Jim Egan, the Chief Judge of the Oregon Court of Appeals, was one of the featured speakers at the event and he congratulated those who attended for their fortitude.

“I’d like to thank Dala and Dala’s Blue Angels for coming today and for organizing this great event. I don’t know if it is the Blue Angels, the Blue Ducks or the Blue Beavers, because it is raining like hell out here,” Egan said.

Dala’s Blue Angels was founded by Dala Johnson, a community policing officer with the Lebanon Police Department, to support the local fight against child abuse and neglect. The annual walk is one of the organization’s primary fundraisers, with proceeds supporting the work of the ABC House, Court Appointed Special Advocates (CASA), Family Tree Relief Nursery and Linn County CAN.

“Last year, we gave almost $27,000 to the ABC House and we’re right at it again this year, I think we’re a little bit above, financially, where we started last year,” Johnson said.

The event began with the 5K run followed a few minutes by the walk. The walkers were led by Johnson and her Dani Marlow, who together held the Dala’s Blue Angels banner.

After the walk was completed, participants huddled under rain tents to listen to the speakers. Officer David Dominy sang the national anthem as the flag was presented by Lebanon Police Department cadets. Mayor Paul Aziz then read a proclamation recognizing the event.

Lebanon Police Chief Frank Stevenson, who ran in the 5K, honored Johnson for her commitment to the cause.

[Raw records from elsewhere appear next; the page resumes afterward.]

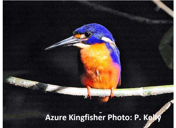
Azure Kingfisher

Today we will have a more relaxed departure after what will probably be a late night the previous evening, and so with a bit of travel day birding will be limited as we head south back into Victoria. Along the way we will have a look at some of the wetlands in the red gum forests of the Riverina and hope to connect with the rare Square-tailed Kite, Australasian Bittern and Black-backed Bittern, plus another chance of Superb Parrot. Further south we will stop at some heathy woodland and look for Spotted Quail-thrush, Chestnut-rumped Heathwren, Scarlet Robin, Speckled Warbler and Leaden Flycatcher.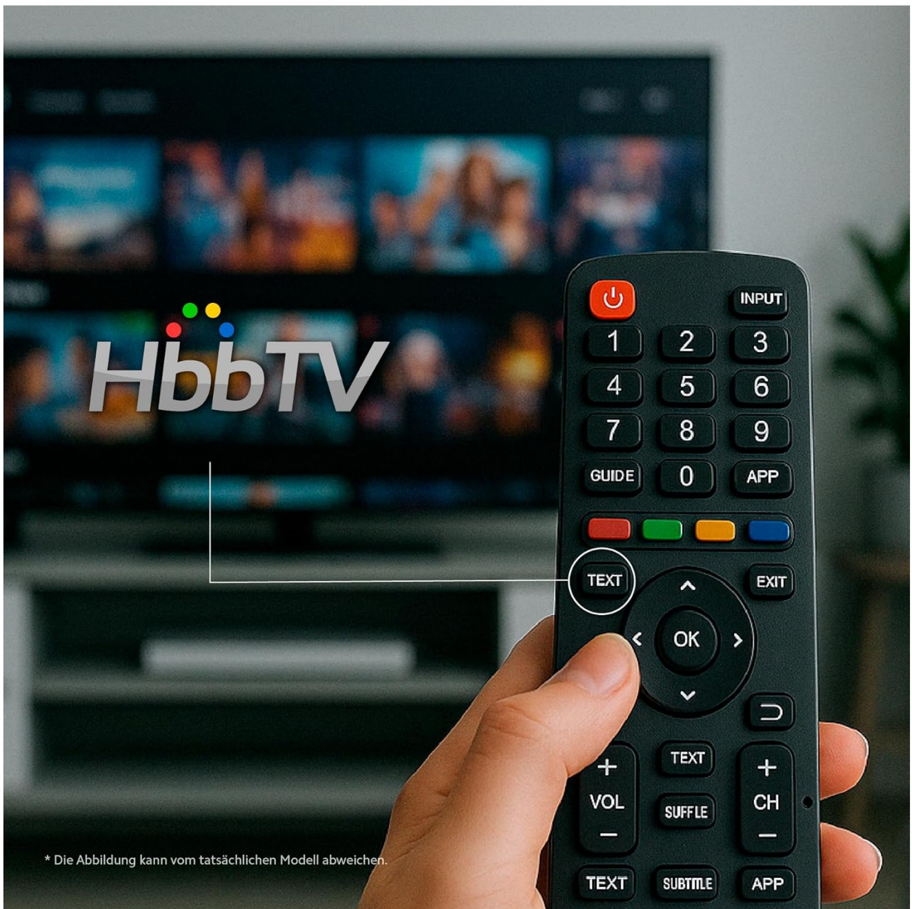
Figure 3: Using the remote control to interact with HbbTV content.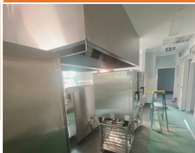
Kitchen equipment is being installed

Works are progressing rapidly, with the majority of the new flooring installed. The program of works remains on track for completion before Christmas.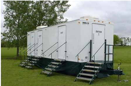
Shown with optional canvas trailer skirts

Rugged, dependable, functional, and luxurious The quality looks and materials of a fine hotel Amish crafted vanities and solid surface countertops Wood framed mirrors with upgraded lighting Fully enclosed individual suites with Shaker style hardwood doors and trim Multi source sound system with customizable playlists Over 10 upgraded interior color combinations Choice of exterior colors Over 30 years' experience goes into each trailer manufactured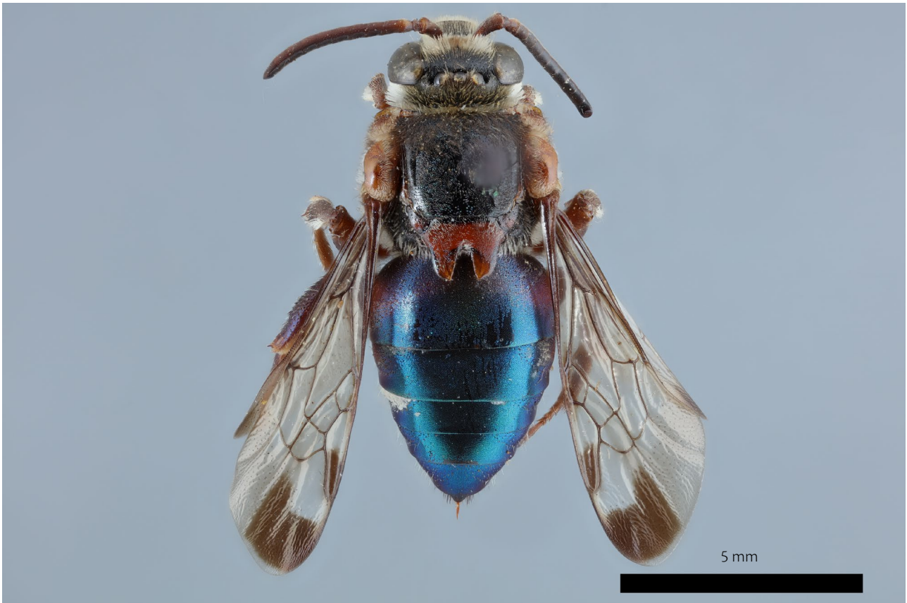
Figure 1. Mesocheira bicolor female (NHMUK 012859027).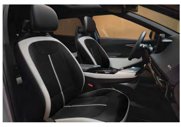
GT-line - Black Suede & White Vegan Leather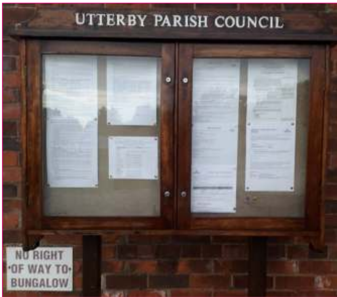
Noticeboard outside the Village Hall following refurbishment

year the Council resolved to make no increase on the Precept for 2021/22 keeping it to £8843.84.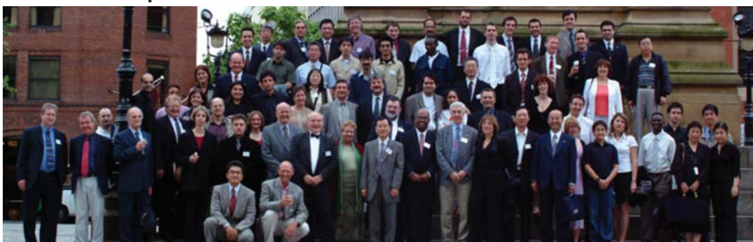
ESDA 2004 Participants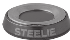
MAGNETIC PHONE SOCKET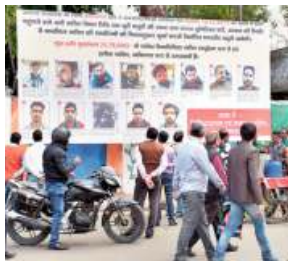
Lucknow hoardings show those who have to pay compensation.

The court moved the hearing, scheduled for 10 a.m., to 3 p.m. on the request of the government that the AG required more time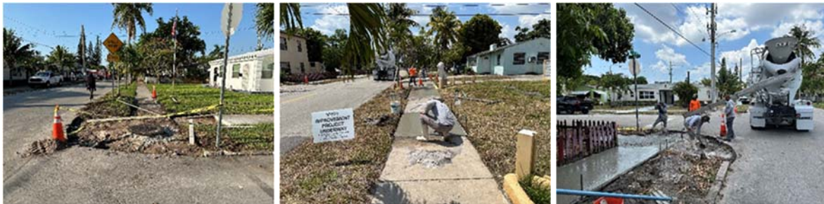
Demolition of ADA ramps and sidewalks, and placement of concrete

The CRA, in partnership with the City's Engineering Division, retained the services of Concrete Works and Paving, Inc. to restore damaged sidewalks and address ADA accessibility along 19th and 20th Avenues. The project began on May 28th and the contractor is currently demolishing and placing concrete along 20th Avenue between Johnson Street and Buchanan Street.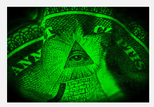
The Eye In The Pyramid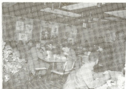
and providing hot nutritional meals.....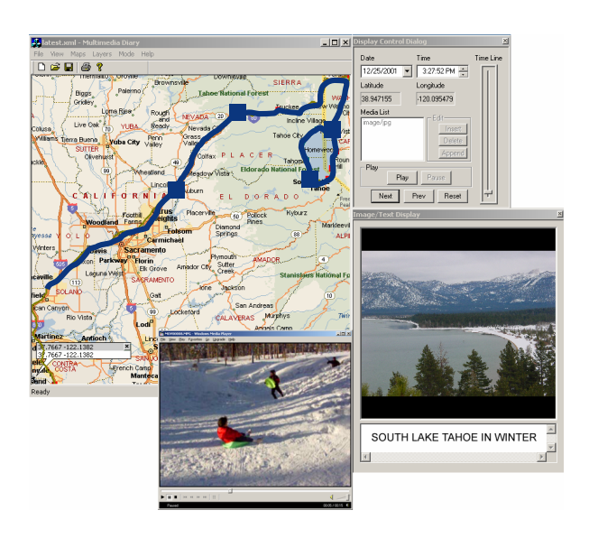
Fig. 1 . A screen shot of the PathMarker viewer and editor showing four windows, from top left in clockwise order: 1) interactive map view of path and media icons 2) control window 3) still image window with text annotation and 4) video and/or audio media player window.

display, the partial path already traveled and the media already viewed are shown in bold. The map overlay window allows the selection of different map backgrounds and different "layers" of media organized into different categories. This window shows the traversal of the path during playback of the trip, and it also allows random access interaction with the trip content using mouse clicks on the path or on the media icons. The top right window shows the control window, displaying date, time and position information and information about the media being viewed. The control window contains controls such as "play" that allow viewing the entire trip, including retracing portions of the path taken, the viewing of the photos, videos and other media at the appropriate positions and the continuation of the path retracing between media elements. In addition, the control window, together with the map-overlay window allow the selection of media to insert or delete during editing. The lower right window shows a still image viewer, together with a text annotation viewer. In the figure the text "South Lake Tahoe in Winter" is seen below a digital image of the lake. The lower center window is a media viewer, showing a frame from a video of a child sledding in snow.

“Without her, this would never happen. She’s the leading, driving force behind it. Her and her Blue Angels,” Stevenson said.

Jennifer Gilmore-Robinson, the executive director of the ABC House, began her brief speech with a word of thanks.

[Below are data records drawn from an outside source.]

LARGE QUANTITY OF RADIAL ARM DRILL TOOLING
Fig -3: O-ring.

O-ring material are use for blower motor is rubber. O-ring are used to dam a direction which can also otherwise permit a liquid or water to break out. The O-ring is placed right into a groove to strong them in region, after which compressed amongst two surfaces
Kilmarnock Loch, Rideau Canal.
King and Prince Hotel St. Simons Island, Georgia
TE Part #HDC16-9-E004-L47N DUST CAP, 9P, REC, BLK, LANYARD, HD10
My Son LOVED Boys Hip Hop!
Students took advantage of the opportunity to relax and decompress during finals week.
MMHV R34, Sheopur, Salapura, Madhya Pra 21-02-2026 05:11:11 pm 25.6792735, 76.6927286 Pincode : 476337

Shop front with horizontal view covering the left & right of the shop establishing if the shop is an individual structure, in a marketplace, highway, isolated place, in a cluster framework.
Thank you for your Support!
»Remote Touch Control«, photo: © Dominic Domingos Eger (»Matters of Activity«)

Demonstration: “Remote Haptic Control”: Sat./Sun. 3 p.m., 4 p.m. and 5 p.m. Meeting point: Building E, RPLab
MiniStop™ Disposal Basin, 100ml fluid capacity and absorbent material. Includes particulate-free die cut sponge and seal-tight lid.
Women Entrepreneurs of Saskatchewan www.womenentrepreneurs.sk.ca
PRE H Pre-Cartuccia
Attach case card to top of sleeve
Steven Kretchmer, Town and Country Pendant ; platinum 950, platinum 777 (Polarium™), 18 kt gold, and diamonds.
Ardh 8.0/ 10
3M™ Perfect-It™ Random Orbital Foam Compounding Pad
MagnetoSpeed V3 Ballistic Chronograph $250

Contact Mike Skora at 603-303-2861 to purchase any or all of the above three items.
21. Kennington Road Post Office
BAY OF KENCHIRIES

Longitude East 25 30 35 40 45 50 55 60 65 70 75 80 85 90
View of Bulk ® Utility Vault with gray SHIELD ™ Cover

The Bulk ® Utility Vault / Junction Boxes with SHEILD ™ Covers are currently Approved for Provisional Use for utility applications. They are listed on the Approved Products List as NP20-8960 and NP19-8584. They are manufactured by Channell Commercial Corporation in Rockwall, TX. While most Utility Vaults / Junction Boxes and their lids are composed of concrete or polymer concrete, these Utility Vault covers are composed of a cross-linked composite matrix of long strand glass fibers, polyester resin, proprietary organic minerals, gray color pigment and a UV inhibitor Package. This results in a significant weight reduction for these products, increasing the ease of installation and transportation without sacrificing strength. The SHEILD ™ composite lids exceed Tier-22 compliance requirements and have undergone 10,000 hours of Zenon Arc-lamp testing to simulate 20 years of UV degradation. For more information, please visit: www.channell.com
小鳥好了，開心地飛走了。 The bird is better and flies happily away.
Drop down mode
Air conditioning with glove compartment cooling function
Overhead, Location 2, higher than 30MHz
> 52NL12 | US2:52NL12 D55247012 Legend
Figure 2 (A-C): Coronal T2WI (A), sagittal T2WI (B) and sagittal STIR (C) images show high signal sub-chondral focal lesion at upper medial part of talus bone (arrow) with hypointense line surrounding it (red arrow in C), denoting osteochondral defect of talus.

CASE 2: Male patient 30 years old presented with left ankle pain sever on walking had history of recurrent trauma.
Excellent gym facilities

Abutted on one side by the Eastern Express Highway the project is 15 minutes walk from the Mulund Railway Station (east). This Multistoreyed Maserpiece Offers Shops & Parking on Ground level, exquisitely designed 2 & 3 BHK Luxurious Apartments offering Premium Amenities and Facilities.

“We are one of several agencies that are supported by the intrepid Dala and her wonderful Blue Angels. I just want to say a quick thank you to them and thank you to the Lebanon Police Department for all of their hard work and to all of you for showing up today.”

Several of the speakers noted the importance of public education in combatting child abuse.

“Children rely on others to be their voice. That’s what today is about. Educate yourself by knowing about child abuse and neglect,” Johnson said.

Gilmore-Robinson echoed that thought.

“Education is the silver bullet. This problem, this epidemic of child abuse, is not going to end until we as a community get educated and decide that it’s going to end and take the steps to do it,” Gilmore-Robinson said.

Ronda Vinson, one of the Blue Angels who helped at the event, first started working with the organization four years ago. She was drawn to the Blue Angels by her own personal experience.

“If I can do one thing to stop a child from going through what I did, it’s worth every moment of it,” Vinson said. “We have to be the voice they don’t have.”

Vinson was posted at the starting line of the 5K and walk, braving the weather along with the participants. Her motto, which was repeated by several of the Blue Angels, was simple.

“Child abuse doesn’t stop because of the weather and neither does our efforts,” Vinson said.